To ensure the accuracy and reliability of our findings, we extensively leverage data science techniques, which help us minimize discrepancies and uncertainties in our analysis. We employ Data Science to clean and preprocess the data, ensuring its quality and reliability. This involves handling missing data, removing outliers, standardizing variables, and transforming data into suitable formats for analysis. The application of data science techniques enhances our accuracy, efficiency, and depth of analysis, enabling us to stay competitive in dynamic market environments.
Market Size Estimation:
Our proprietary data tools play a crucial role in deriving our market estimates and forecasts. Each study involves the creation of a unique and customized model. The model incorporates the gathered information on market dynamics, technology landscape, application development, and pricing trends.
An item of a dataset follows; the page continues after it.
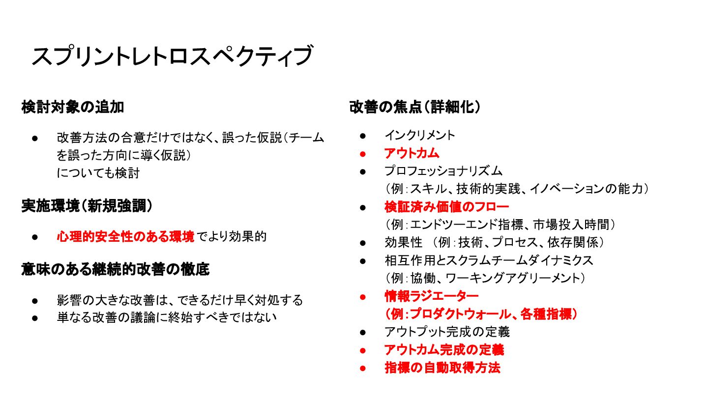 (例:エンドツーエンド指標、市場投入時間) • 効果性 (例:技術、プロセス、依存関係) • 相互作用とスクラムチームダイナミクス (例:協働、ワーキングアグリーメント) • 情報ラジエーター (例:プロダクトウォール、各種指標) • アウトプット完成の定義 • アウトカム完成の定義 • 指標の自動取得方法 スプリントレトロスペクティブ 検討対象の追加 • 改善方法の合意だけではなく、誤った仮説(チーム を誤った方向に導く仮説) についても検討 実施環境(新規強調) • 心理的安全性のある環境でより効果的 意味のある継続的改善の徹底 • 影響の大きな改善は、できるだけ早く対処する • 単なる改善の議論に終始すべきではない

AI techniques, such as machine learning and deep learning, aid us to analyze patterns within the data to identify correlations, trends, and relationships. By recognizing patterns in consumer behavior, purchasing habits, or market dynamics, our AI algorithms aid us in more precise estimations of market size. These factors are simultaneously analyzed within the model, allowing for a comprehensive assessment. To quantify their impact over the forecast period, correlation, regression, and time series analysis are employed.
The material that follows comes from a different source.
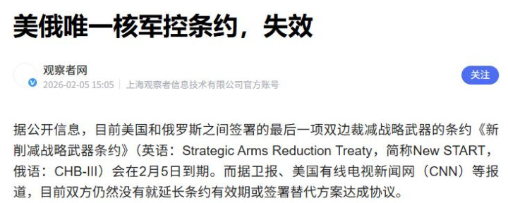 观察者网 美俄唯一核军控条约,失效

To estimate and validate the market size, we employ both top-down and bottom-up approaches. The preference is given to a bottom-up approach, where key regional markets are analyzed as separate entities. This data is then integrated to obtain global estimates. This approach is crucial as it provides a deep understanding of the industry and helps minimize errors.
In our forecasting process, we consider various parameters such as economic tools, technological analysis, industry experience, and domain expertise. By taking all these factors into account, we strive to produce accurate and reliable market forecasts. When forecasting, we take into consideration several parameters, which include:
Market driving trends and favorable economic conditions
Restraints and challenges that are expected to be encountered during the forecast period.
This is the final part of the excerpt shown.